Muhammad Abu Jerrad was stepping into the doorway, their two-year-old son Khalil in his arms, when the bomb hit. Wafa dropped to ground, struck by flechettes in the head, chest and back. She was killed instantly.
Sitting outside his family’s tent in the Attatra region, Saleh Abu Leila says, “Everything I worked for is gone.”
Since their two-storey home was destroyed by Israeli soldiers during the war on Gaza, Abu Leila and 13 other family members have crowded into two small tents. During the summer, they sweltered in stifling heat. Now that winter is setting in, they are struggling to keep warm and dry.
Over 21,000 houses were destroyed or seriously damaged during the 23 days of Israeli attacks throughout Gaza that finally ended Jan. 18.

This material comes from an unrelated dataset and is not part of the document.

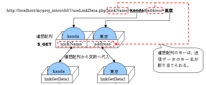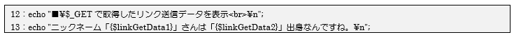 図 7.3.5:連想配列$_GETからリンクの送信データを取得して変数へ代入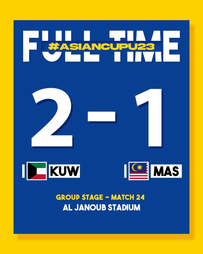 90' + 10' Game over. Kuwait U23 2-1 Malaysia U23.

Since the end of the Israeli war on Gaza, Israeli authorities continue to block entry to cement and other necessary building materials. Glass, along with wood, piping and many other items, is considered potentially dangerous by Israeli authorities. The bomb-blasted windows of homes and buildings remain un-repaired one year later; the luckier families making due with plastic sheeting.
A small portion of Gaza’s 1.5 million people can afford to buy the overpriced, poor-quality cement smuggled in through the tunnels running between Gaza and Egypt. For those hardest hit, however, this is out of reach.
Hundreds of families, like the Attars, still remain in substandard shelters, insufficient for winter cold and rains.
Many Gazans do not welcome the New Year, they fear what it will bring.